*** RECORDS SHOWN ***

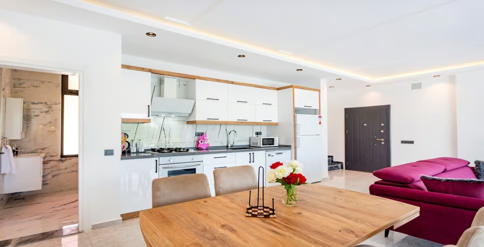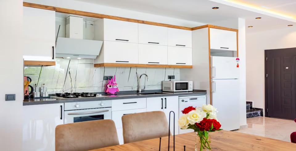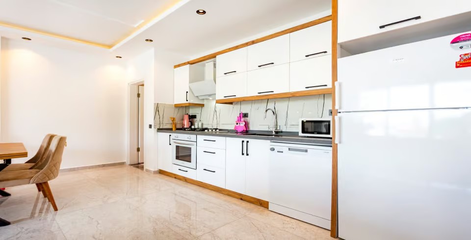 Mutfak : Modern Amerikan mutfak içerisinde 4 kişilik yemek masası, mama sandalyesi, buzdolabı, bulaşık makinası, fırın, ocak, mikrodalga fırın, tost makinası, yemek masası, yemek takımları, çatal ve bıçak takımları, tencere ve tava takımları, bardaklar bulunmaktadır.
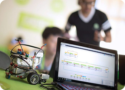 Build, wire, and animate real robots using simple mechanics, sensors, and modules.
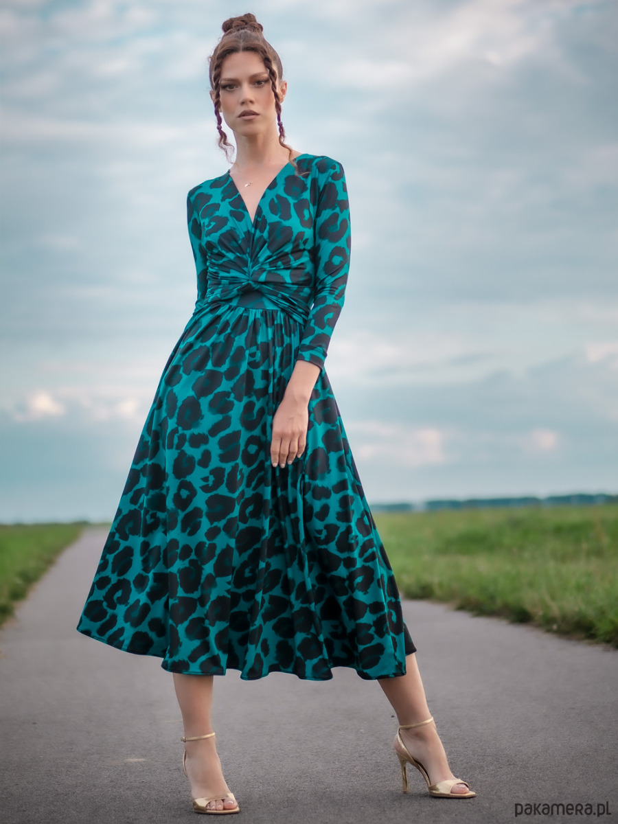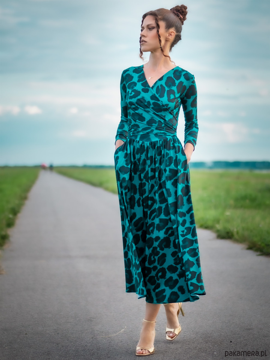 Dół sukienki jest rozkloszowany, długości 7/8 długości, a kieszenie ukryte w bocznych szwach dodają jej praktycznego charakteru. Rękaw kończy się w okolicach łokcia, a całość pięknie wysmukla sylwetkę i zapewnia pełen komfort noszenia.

***
*** RECORDS SHOWN ***

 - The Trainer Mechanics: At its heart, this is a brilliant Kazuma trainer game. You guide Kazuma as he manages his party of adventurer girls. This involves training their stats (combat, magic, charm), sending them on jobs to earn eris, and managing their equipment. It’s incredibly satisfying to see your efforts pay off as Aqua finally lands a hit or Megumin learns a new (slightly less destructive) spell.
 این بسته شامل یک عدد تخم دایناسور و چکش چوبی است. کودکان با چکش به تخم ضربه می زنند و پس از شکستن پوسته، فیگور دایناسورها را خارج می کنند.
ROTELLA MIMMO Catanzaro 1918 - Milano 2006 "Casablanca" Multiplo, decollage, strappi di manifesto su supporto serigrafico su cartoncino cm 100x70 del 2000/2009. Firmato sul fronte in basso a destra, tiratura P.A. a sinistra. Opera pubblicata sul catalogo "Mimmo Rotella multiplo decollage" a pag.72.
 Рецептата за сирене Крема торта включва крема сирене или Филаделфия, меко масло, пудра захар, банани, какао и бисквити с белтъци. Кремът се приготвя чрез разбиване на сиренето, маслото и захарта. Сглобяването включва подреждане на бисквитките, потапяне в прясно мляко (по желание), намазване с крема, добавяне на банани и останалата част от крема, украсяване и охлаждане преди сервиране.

***

* THE TASK
Copy word for word the stretch of entries above from the line that has "- The Trainer" through the line that has "Рецептата за сирене", both ends included, and nothing outside it.

* SOLUTION FOR THIS TASK
 - The Trainer Mechanics: At its heart, this is a brilliant Kazuma trainer game. You guide Kazuma as he manages his party of adventurer girls. This involves training their stats (combat, magic, charm), sending them on jobs to earn eris, and managing their equipment. It’s incredibly satisfying to see your efforts pay off as Aqua finally lands a hit or Megumin learns a new (slightly less destructive) spell.
 این بسته شامل یک عدد تخم دایناسور و چکش چوبی است. کودکان با چکش به تخم ضربه می زنند و پس از شکستن پوسته، فیگور دایناسورها را خارج می کنند.
ROTELLA MIMMO Catanzaro 1918 - Milano 2006 "Casablanca" Multiplo, decollage, strappi di manifesto su supporto serigrafico su cartoncino cm 100x70 del 2000/2009. Firmato sul fronte in basso a destra, tiratura P.A. a sinistra. Opera pubblicata sul catalogo "Mimmo Rotella multiplo decollage" a pag.72.
 Рецептата за сирене Крема торта включва крема сирене или Филаделфия, меко масло, пудра захар, банани, какао и бисквити с белтъци. Кремът се приготвя чрез разбиване на сиренето, маслото и захарта. Сглобяването включва подреждане на бисквитките, потапяне в прясно мляко (по желание), намазване с крема, добавяне на банани и останалата част от крема, украсяване и охлаждане преди сервиране.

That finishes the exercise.